Оформлено это было следующим образом. По городу были расклеены объявления, что такого-то числа в городском цирке состоится общее собрание всех зарегистрировавшихся бывших; приглашались также и те, которые почему-либо до сих пор не прошли регистрации.
Цирк помещался на Новосильцевской площади, у подножья Исторического бульвара, где сходились Екатерининская, Чесменская и Большая Морская улицы. В назначенный день цирк и вся площадь были забиты законопослушными бывшими. Произошло собрание или нет — не знаю, но только во второй половине дня все примыкающие к площади улицы были заняты красными частями. И вот эту огромную многотысячную массу людей под столь же огромным конвоем начали медленно оттеснять в сторону Особого отдела дивизии.
А этот Особый отдел для своего пребывания избрал три четверти городского квартала, ограниченного Екатерининской и Пушкинской улицами, между Вокзальным и Трамвайным спусками. Подвальные окна и часть окон первых этажей были забиты, заборы внутри квартала разобраны — получился большой двор. Кроме того, по периметру занятых зданий тротуары были отделены от мостовой двух-трехметровым проволочным заграждением и представляли собой этакие загоны.
Вот сюда и привели этих несколько тысяч несчастных, на что-то еще надеявшихся. Конечно, они были «бывшими», но совершенно безобидными, наивными и беспомощными. Непримиримые, ведь очевидно, что ушли с Врангелем. А эти оставшиеся могли бы еще долго жить да жить на родной земле, могли честно ей служить и приносить пользу. Но нет, им была уготована другая доля.
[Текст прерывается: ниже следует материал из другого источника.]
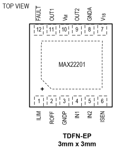 該器件采用小型TDFN12 3mm x 3mm封裝。MAX22201/2/7具有小尺寸封裝、高效率并集成準確的電流檢測功能,因此非常適合空間和功耗敏感型應(yīng)用,比如有刷直流電機驅(qū)動、鎖閉閥和電磁閥以及單相步進電機驅(qū)動。
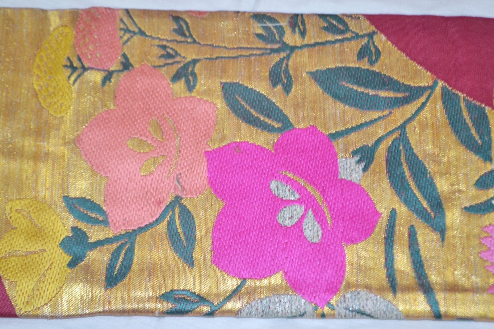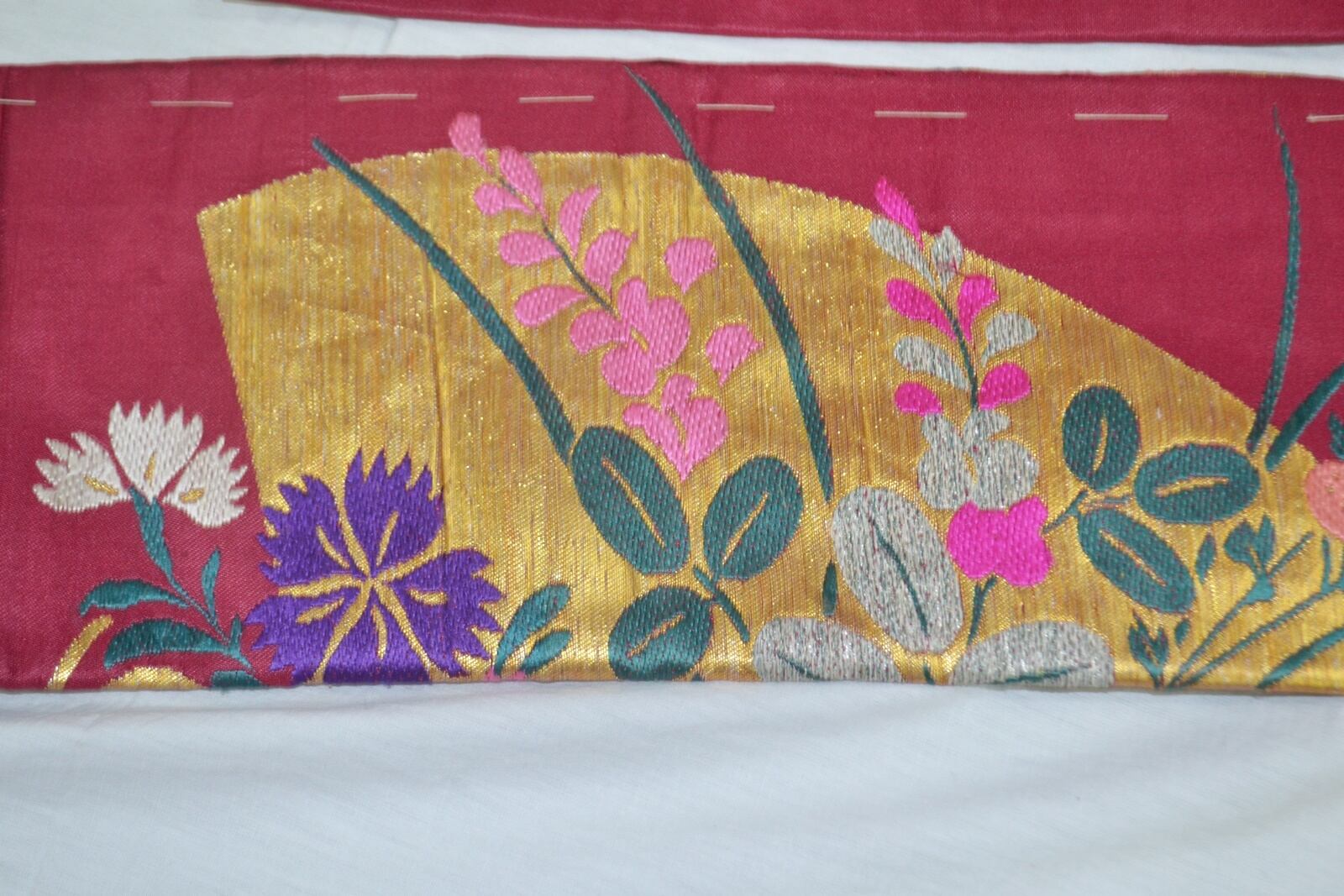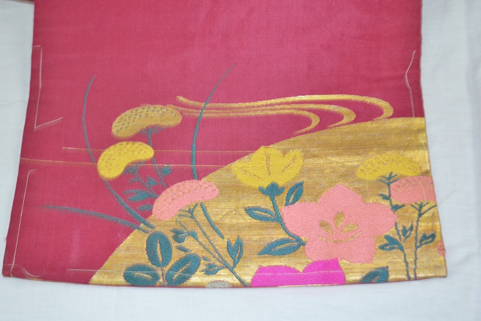 たれの柄部分金色の松、ピンクの桔梗部分少し糸がたるんでいます。

Первую ночь и день они стояли в загонах и дворах, как сельди в бочке — я это видел собственными глазами, потом в течение двух дней их… не стало, и проволочную изгородь сняли.
По рассказам, в Особом отделе работало несколько троек, опрашивавших арестованных и тут же решавших их дальнейшую судьбу. Кое-кого, меньшинство, будто бы иногородних, группировали в маршевые роты и отправляли пешим порядком на север. Большинство же вывозили на автомашине под город на дачу Максимова и там… отправляли к праотцам. Пользовались пулеметами, но не гнушались и револьверами. Одновременно кровь лилась в Ялте, Феодосии и, видимо, в других городах Крыма. Гражданская война продолжалась, но теперь уже против безоружных людей. В три-четыре дня со всеми было покончено.
То, что видел я в Севастополе, было, конечно, не просто страшное дело. Потому что многие из пленных были местными, севастопольскими — их жены, некоторые с детьми, со слезами на глазах стояли на противоположном тротуаре против проволочной изгороди и ждали. Наверное, проклиная свою доверчивость, наверное, все же надеясь на чудо. Но они ничего не дождались, так как никто из пошедших на так называемое собрание домой уже не вернулся никогда. Среди этих нескольких тысяч пропавших без вести людей оказался и инженерный полковник из нашего дома; он пошел на собрание и не вернулся. Как я уже говорил, он был приезжий, и никто, по крайней мере внешне, о нем не беспокоился, так он и сгинул.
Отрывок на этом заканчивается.